Monday, April 29, 2019

New Study Suggests ADHD Steers Children To An Unhealthy Diet, Not The Other Way Around

To be taken with a grain of dietary recall data, but a new study, Children's Attention-Deficit/Hyperactivity Disorder Symptoms Predict Lower Diet Quality but Not Vice Versa: Results from Bidirectional Analyses in a Population-Based Cohort, found that an ADHD diagnosis led children to a less healthy diet, whereas less healthy diets did not lead children to ADHD.

The study was conducted in the Netherlands and it followed 3,680 children starting at age 6 and then ending when they reached the age of 10.

Put plainly, though more ADHD symptoms at age 6 were associated with less healthy diets at age 8, diet quality at age 8 was not associated with ADHD symptoms at age 10.

There are a number of proposed pathways to help explain how ADHD might affect diet quality. ADHD and its impulsivity may increase the risk of binge eating or loss of control eating, and the impact of ADHD on neurotransmitters may affect hunger and fullness. It's also possible that some parents of children with ADHD may offer foods their children prefer in order to decrease risk of conflict and/or reward desired behaviour.

Clearly more research on this would be welcome.

Saturday, April 27, 2019

Saturday Stories: Freds, Sexism in Science, and Anti-Vaxx Marriage

Danielle Kosecki, in Medium, with her defense of Freds (less serious cyclists, and disclosure, I am one).

Mallory Picket, in The New York Times Magazine, on sexism in science's highest echelons.

Anonymous, in The Cut, on marriage with an anti-vaxxer.

Tuesday, April 23, 2019

Move More, Eat More?
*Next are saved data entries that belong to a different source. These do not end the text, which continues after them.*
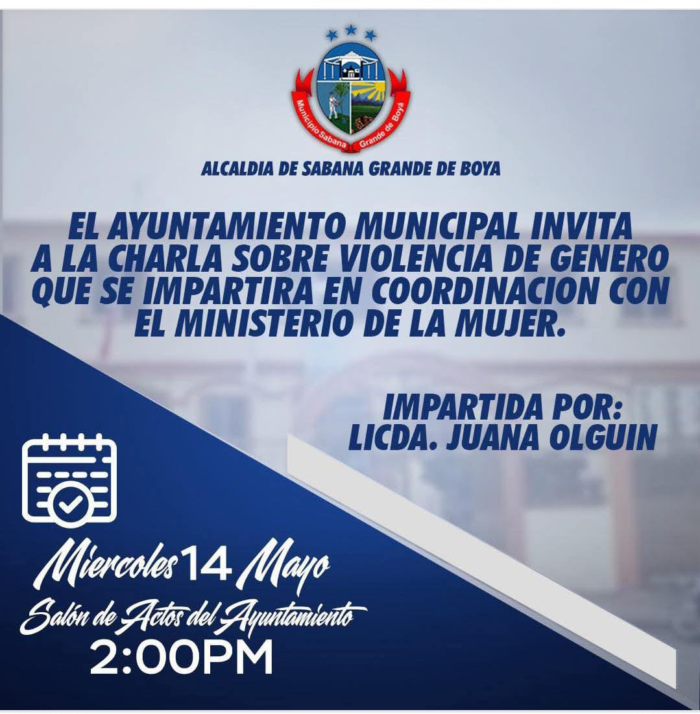 El ayuntamiento Municipal te invita a la charla sobre la violencia de género que se impartirá en coordinación con el ministerio de la mujer este miércoles catorce de mayo a las 2:00 PM en el salón de reuniones del palacio Municipal.
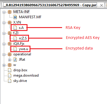 The JAR file dropped, as seen in the image below, is just a dropper and decrypter for the main jRAT file. It basically contains the jRAT sample in an encrypted form. The encryption of the file is done by an embedded AES key, which is again encrypted using an RSA key. The decrypter for this file has been written by hasherezade of MalwareBytes.
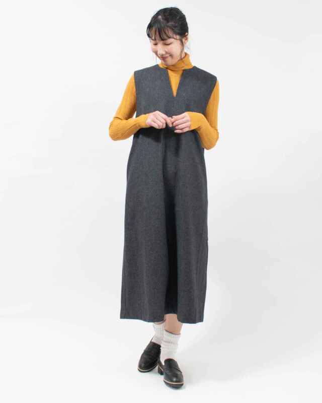 上品なキーネックのジャンスカを合わせたキレイ目コーデ。
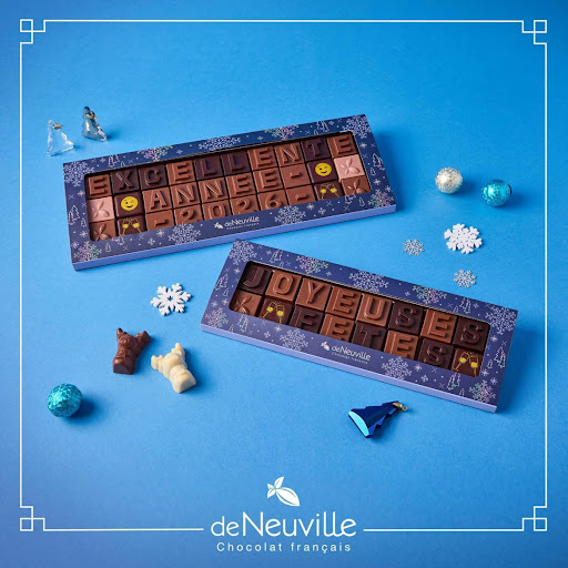 Découvrez De Neuville, votre boutique locale de chocolat français à proximité de chez vous, où l'art du chocolat est célébré avec passion. Nos chocolats raffinés, 100% fabriqués en France et sans huile de palme, sont parfaits pour les amateurs de gourmandises. Explorez notre vaste gamme de ganaches, pralinés, macarons, glaces, dragées, et spécialités régionales, tous présentés dans des compositions élégantes. Que ce soit pour offrir un cadeau mémorable ou pour vous faire plaisir, nos coffrets et bouquets sont conçus pour émerveiller. De Neuville est également votre partenaire idéal pour des solutions personnalisées dédiées aux professionnels. Venez découvrir nos délices et laissez-vous séduire par l'excellence du chocolat français.
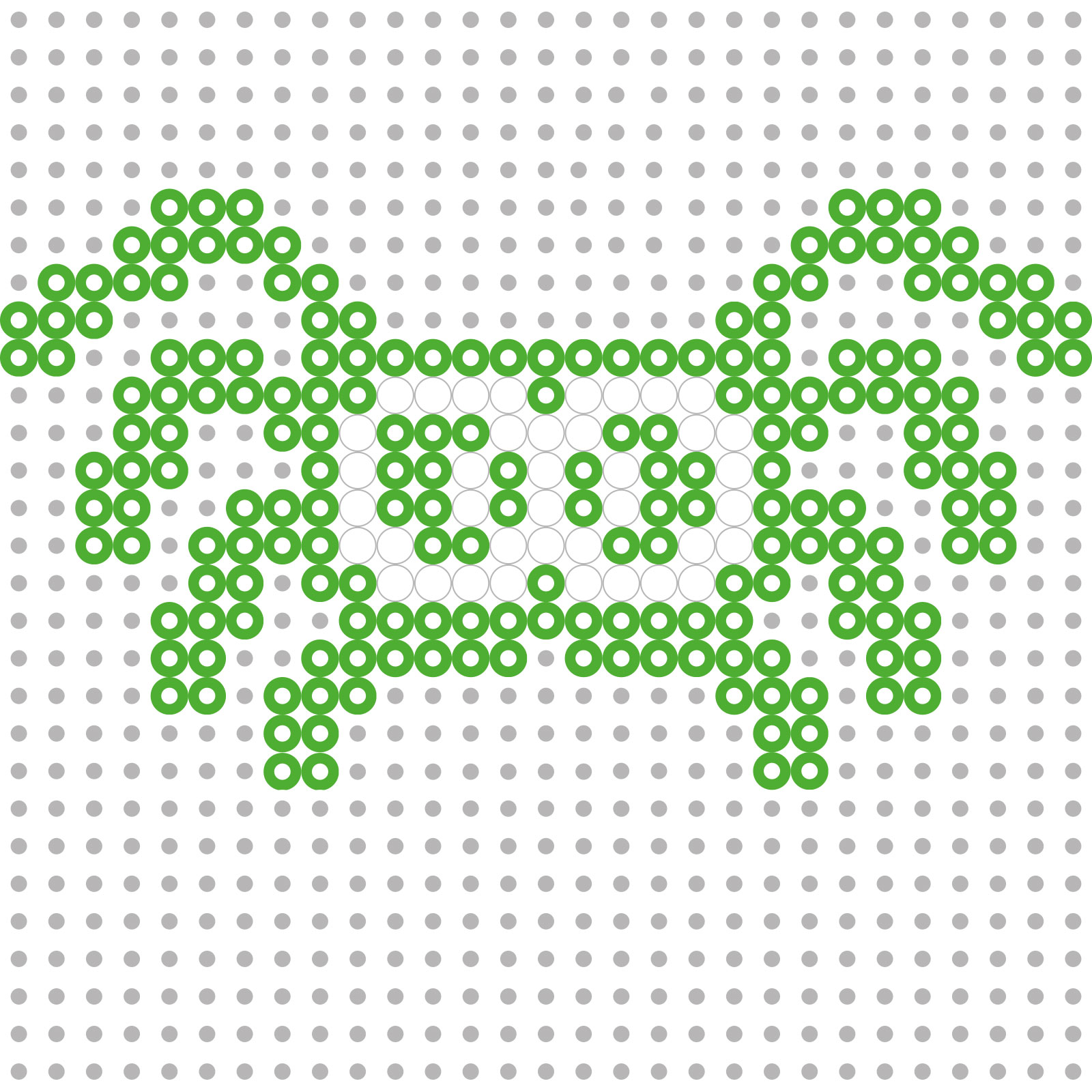 Voor de spin gebruik je groen-paarse en effen witte strijkkralen. Bekijk ook hier de afbeelding om het patroon goed te leggen.
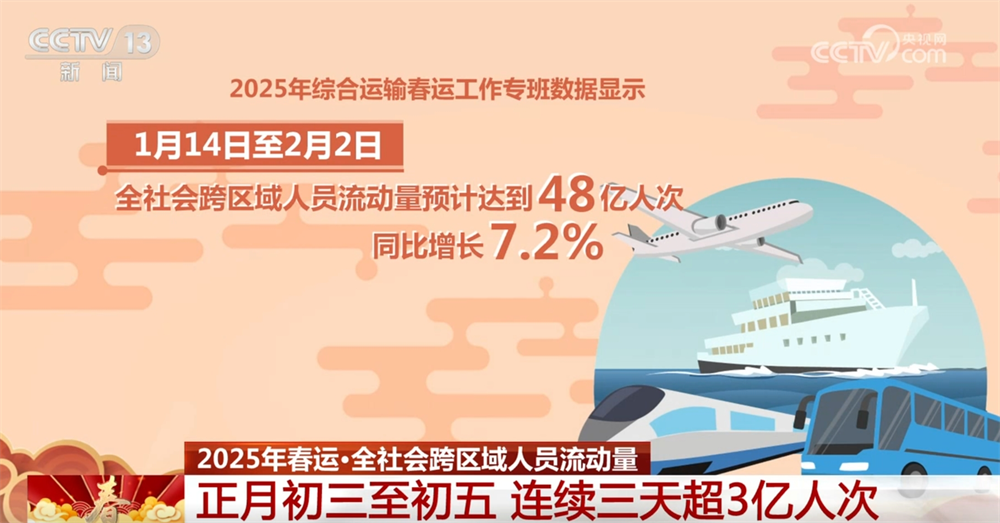 来自2025年综合运输春运工作专班数据显示:1月14日至2月2日,全社会跨区域人员流动量预计达到48亿人次,同比增长7.2%;正月初三、初四、初五已连续三天超3亿人次,均超去年同期水平。
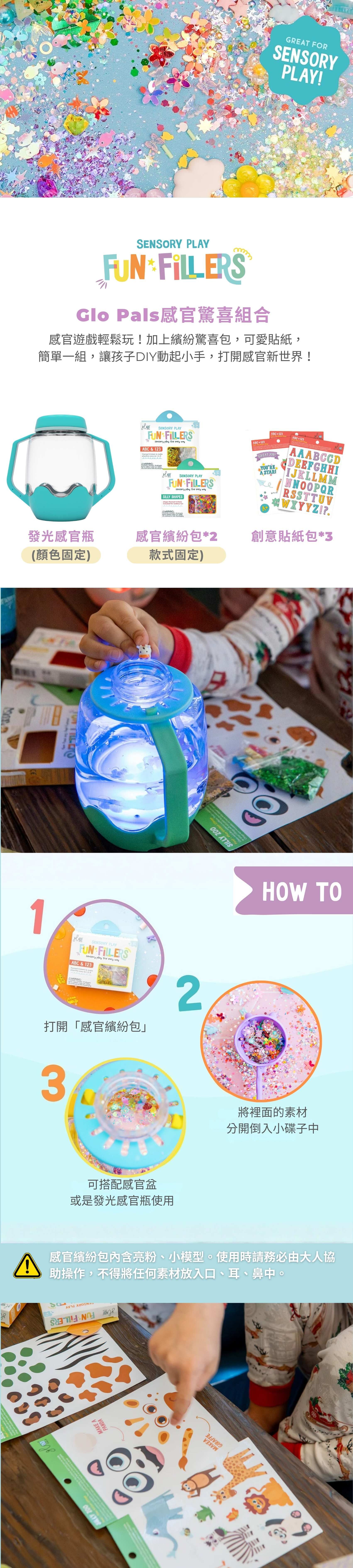 明星感官商品,注水發光,輕拍變換9種顏色。輸入視覺、觸覺、聽覺等感官刺激;還能DIY加入喜歡的元素( 亮片、珠珠、炫光小冰塊),透過觀察瓶中水流與元素變化,培養專注力!

New Study Suggests People Do Eat More When They're More Active, But Not Much

One of the possible reasons that in freely living humans exercise doesn't seem to add up to weight loss as math might predict is that freely living humans might eat back their burned calories. Some may do so consequent to increased hunger. Others to a sense of virtue and the inclination to reward themselves for their hard work. Others still because marketing has convinced them that they must refuel, recover, replenish, etc..

A new study,Activity energy expenditure is an independent predictor of energy intake in humans, published this year in the International Journal of Obesity, set out to look at this phenomenon.

Now to be clear, the study certainly wasn't designed to explain exercise's impact on weight. It was just 7 days long and it involved the retrospective analysis of data from 5 prior studies and did not directly measure energy expenditure or energy intake. Instead researchers utilized estimated energy expenditure by way of heart rate and indirect calorimetry data, and energy intake by way of known to be problematic food diaries.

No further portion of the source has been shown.